Chilli believes part of the reason TLC continues to resonate with audiences is the group made what she calls "life-changing music." Their songs were the soundtrack to the formative years of the early-'90s and TRL generation, and they addressed everything from safe sex on "Waterfalls" to the ways in which societal standards of beauty can magnify women's insecurities to a dangerous level on "Unpretty." Chilli says it was not only the music but also its honest messaging that resonated with people. "There's nothing fake about us. We're just a very authentic group when it comes to who we are, what we believe in, and what we stand up for, like girl power. That's always and forever been our thing. People can relate to real stuff."

That authenticity extended beyond the group's music. TLC kept it real about their relationships and the avaricious record label contracts that led to an eventual bankruptcy filing at the height of the group's success. Their strengths and vulnerabilities were always at the fore, not least of all in the aftermath of Left Eye's tragic and untimely death in a car accident on a mission trip to Honduras in 2002. Most groups would have called it quits and moved on to separate projects, but TLC soldiered on.

Those events all made it into the 2013 VH1 biopic CrazySexyCool: The TLC Story, developed to mark TLC's remarkable two-decade long career in the music industry. The film introduced the women of TLC to yet another generation of fans, and Chilli says she sometimes gets distracted onstage when she sees younger kids singing along to the group's songs. "It's amazing to look out and see little kids - I'm talking like six [years old] - jamming, knowing the old stuff and the new stuff. It almost can throw me off a bit when I'm on stage, like 'what?' It's unbelievable.

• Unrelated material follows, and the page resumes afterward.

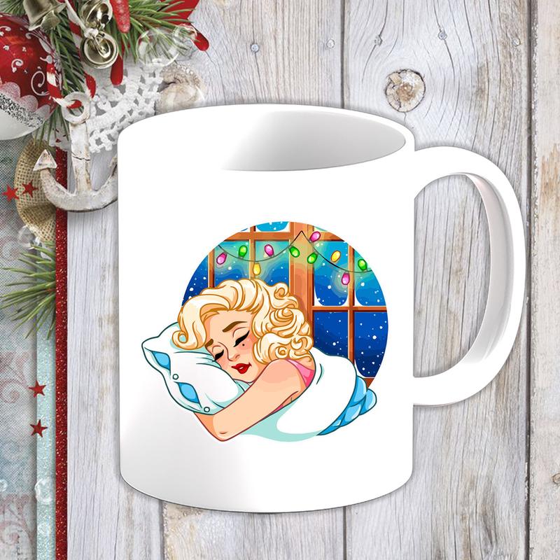 Белая кружка (чашка) с новогодним принтом мэрилин монро (приятных снов)
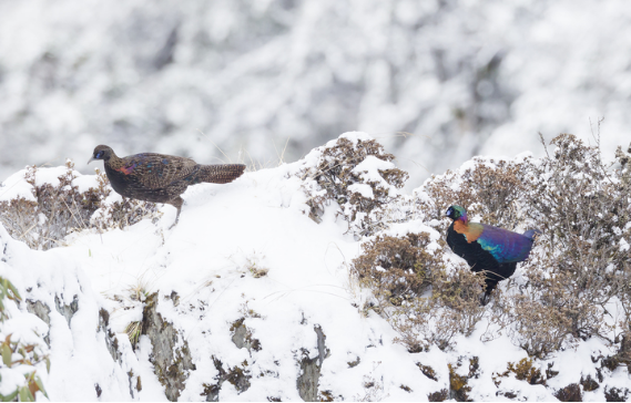 雪山上的绿尾虹雉(吴秀山 摄)

It really is a blessing."

She uses the word "blessing" many times during the course of her interview, and it's clear that over 25 years since the release of their first album Ooooooohhh... On the TLC Tip, Chilli is still humbled by the level of love and recognition the group continues to receive from the likes of major artists like Bruno Mars, to everyday fans on the street. "I have to tell you this," she says on the tail end of the interview, and she recounts being approached by a man and his wife after seeing a film in the evening on this past Easter Sunday. "I know he was in like his '60s for sure... He kind of followed me to my car and he was like, 'Excuse me.. Is it you?' I'm looking at him like, 'I know this man does not know who I am.'" She introduced herself and "he reacted like I was, I don't know, Diana Ross or somebody. I could not believe it. He told me I made his Easter. I was cheesin' from ear to ear going to my car and going home."

It is both striking and incredibly refreshing that an artist who has experienced the heights of fame, played arenas and stadiums around the world, and is directly referenced by today's top artists on the regular was awestruck by such an interaction. "It'll never get old," she says. "You know why? 'Cause I don't take it for granted. I just think it's a blessing to be in the position that we're in and to have such a positive effect on people with our music."

TLC. 8 p.m. Friday, April 6, at the Miami-Dade County Fair & Exposition, 10901 Coral Way, Miami; 305-223-7060; thefair.me. Tickets cost $10 via etix.com.